Yup, I’m back, and thinking about motors again. “Didn’t we already cover this?” I hear you asking (Where is that shrink?). Well, some of this, but Motors are a big subject, and as they are the only moving part in an EV (if you’re direct-driving, anyway) they’re kinda important.
So, what are our options?
- DC Permanent Magnet
- DC Series Wound
- DC SepEx (Separately Excited)
- AC Printed Armature
- AC
Great. That tells you not a lot at all, doesn’t it? Let’s try a little more description of each.
DC Permanent Magnet
In this motor, you have a wire-wound iron core with a series of permanent magnets attached to the outer rim, or a “Squirrel Cage” rim, with a core of permanent magnets. When you power the coils with a DC current in the right order, which is handled with brushes in the first case, and switches in the second, it creates a magnetic field that pulls the core around. The more power you apply, the more torque you get, and (potentially) the faster you can go. However, as you increase speed, the magnets begin to induce power back into the coils. This power (Called Back EMF, or Electro-Motive Force) must be overcome if you want to increase speed further, and there comes a point where the Back EMF is the same as the power coming from the battery pack, at which point further acceleration is impossible. It is theoretically possible to harness the Back EMF to slow the vehicle and supply power to the batteries (Called Regen, short for Regenerative Braking), but very few controllers do so, owing to the complexity required.
DC Series Wound
This is like the Permanent Magnet motor above, but rather than having the permanent magnets, their job is done with a second set of coils, which are connected in series with the first set. This makes for a more powerful, but potentially less efficient motor. Also, as the coils are all connected, Regen is not possible with this motor, as if the coils are energised, they will be trying to drive the motor.
DC SepEx
Here, the inner core and outer core can be powered separately. This means that if you want to slow down, you can apply a small current to the inner core, which will induce a current in the outer rim. That current can be drained to create drag on the core, and to create Regen. It also means at higher speeds, you can lessen the inner core power, which reduces Back EMF and allows more acceleration, at the cost of decreasing the available torque.
AC Permanent Magnet
This is very much like a DC Permanent Magnet motor, but rather than just having two points of contact for + and – terminals, these motors have connections for each set of coils. This means when you apply an AC current to them, not only do you attract the magnets toward your coil, but when the polarity switches you push them away again. If you time the waveform of the power to the rotation of the core, you get a very fast, and very powerful, motor system. As the power is flowing in both directions through the coils, it also means that back EMF is neutralised (Indeed, the back EMF is used, rather than having to be fought). An AC motor is also the only other kind that can be easily used for Regen.
AC Printed Armature
This is like the AC Permanent Magnet motor, but the coils are stamped out of flat sheets, and applied to a disc, rather than being wound wire on a stator. These are typically made small, and used in servo motors, though some companies have been trialling making these for vehicle-sized applications. Difficulties with making strong discs to mount the coils to, along with a seeming lack of interest from the industry, is making these almost impossible to find, and definitely impossible for an individual to buy.
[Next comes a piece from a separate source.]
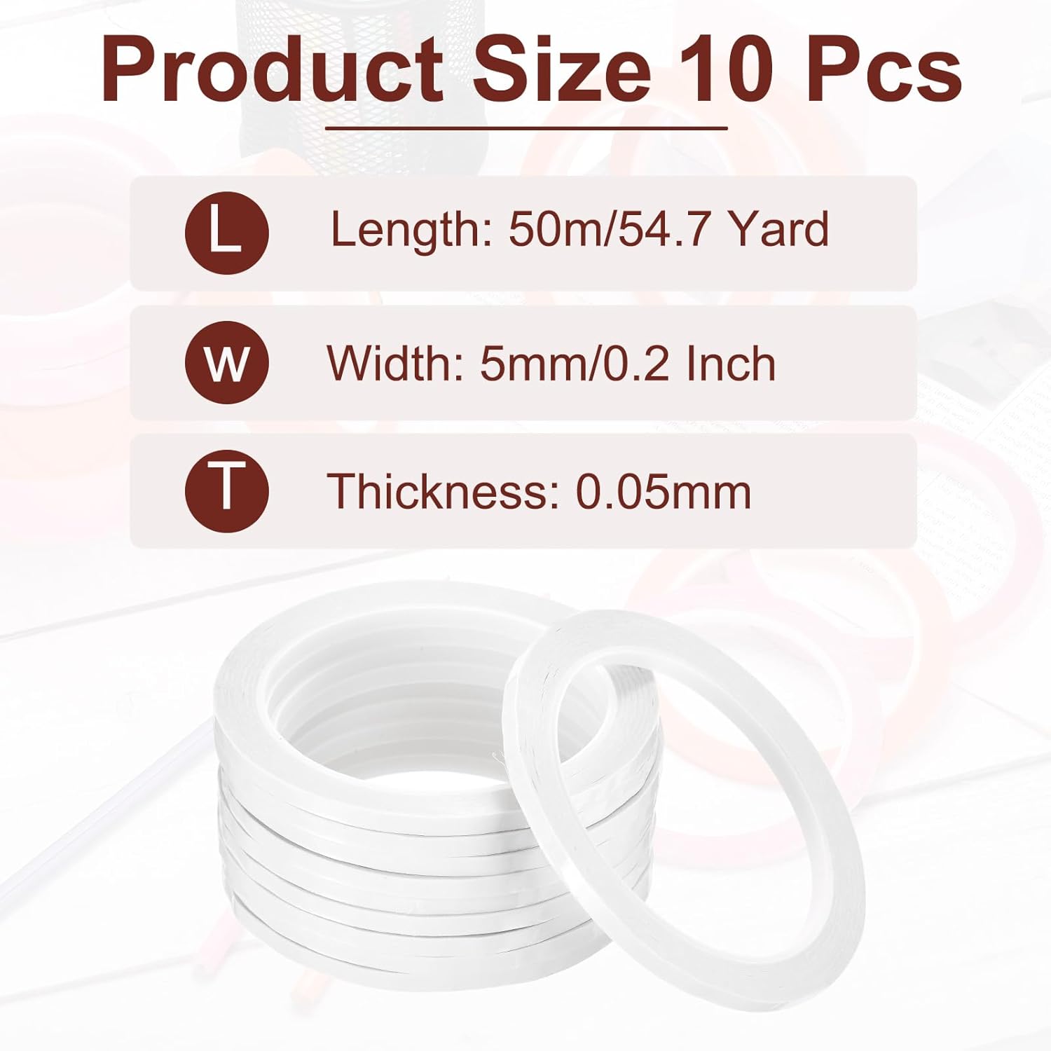 - This Art Tape is in size of: Length: 50m/54.7 Yard; Width: 5mm/0.2 Inch; Thickness: 0.05mm; Material: PET; Color: White; Temperature Resistance: 100Β°C; In the Package of: 10 x Whiteboard tapes
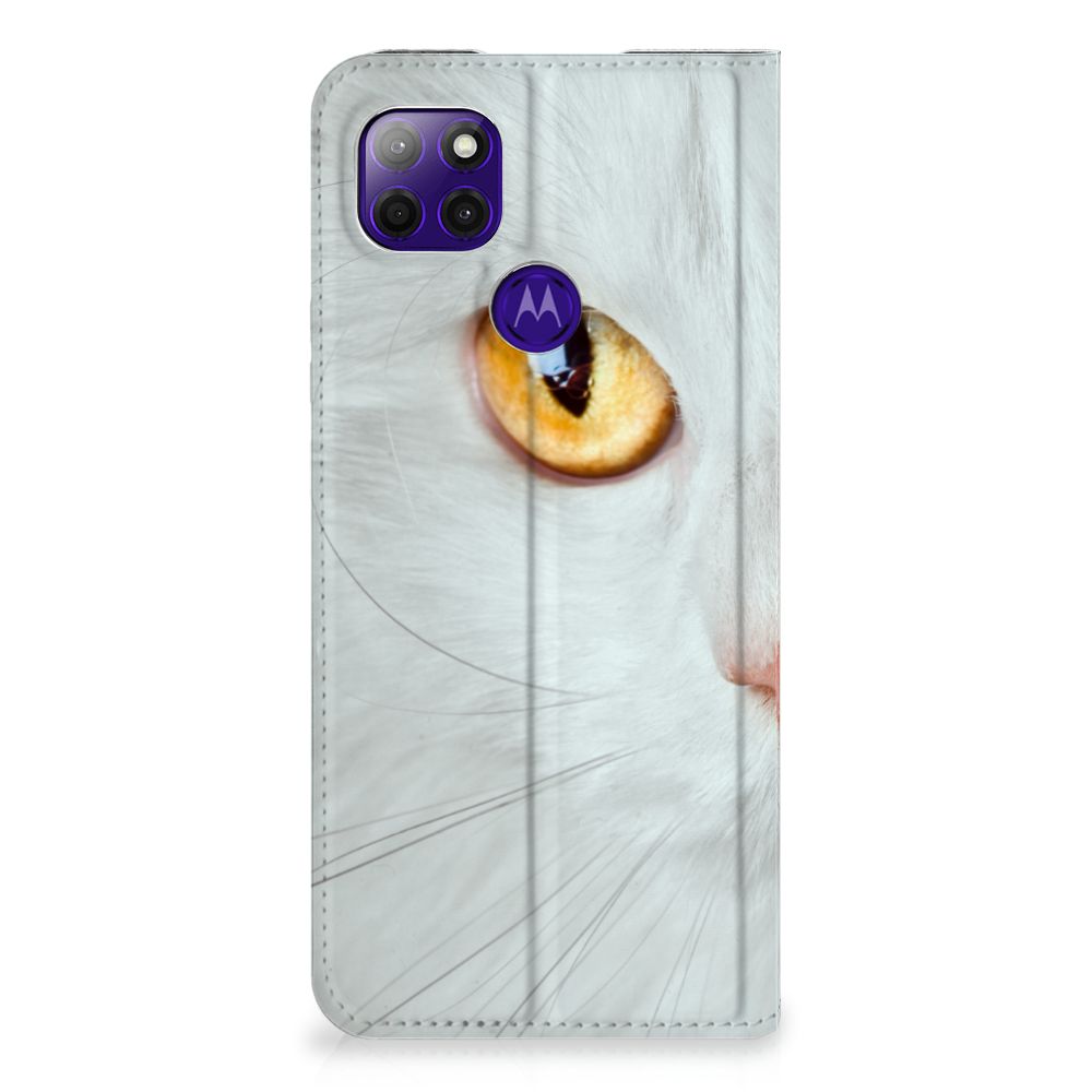 Witte katten zijn natuurlijk extra speciaal, vandaar we een exemplaar op een design hoesje hebben gezet. Een witte kat schijnt trouwens ook slechter te kunnen horen dan katten met een andere kleur. Deze witte kat staat op een zeer prominente wijze op een stand case. Deze stand case met witte kat ziet er geweldig uit en is voorzien van verschillende uitsparingen en een speciale standaard. Een Motorola Moto G9 Power Hoesje maken met witte kat beschermt jouw smartphone perfect. Alle zijden van de case zijn bedrukt. Jouw smartphone wordt erg duurzaam met dit design hoesje. Het TPU aan de binnenzijde is zeer flexibel en het pu-leer oogt chique. Verder heeft de case een houder voor bijvoorbeeld je rijbewijs aan de binnenkant.

In order of preference, These should be arranged:
- AC Printed Armature
- AC Permanent Magnet
- DC SepEx
- DC Permanent Magnet / DC Series Wound
But availability and controller complexity has made real-world implementations read more like this:
- DC Permanent Magnet
- DC Series Wound
- DC SepEx
- AC Permanent Magnet
And for most car-sized EVs, it’s PM motors only. SepEx are only available in sizes up to around motorcycle size, and there doesn’t seem to be any AC PM controller out there.
Oh, and all these (that are available) require some kind of transmission, as they don’t have the grunt to start a vehicle from 0km/h without some kind of torque multiplication (a gearbox).
If money was no object, I’d buy 4 AC Printed Armature motors (Custom made), a Citroen C6 “Glider” (That is, car without engine, transmission, differential, fuel tank etc), a massive load of Li-Poly batteries (200-500Ah minimum), plus a BMS to manage them all, and stack of meaty ultracapacitors to help with acceleration and regen braking. Which would be just about everything needed. Still, we can dream, right?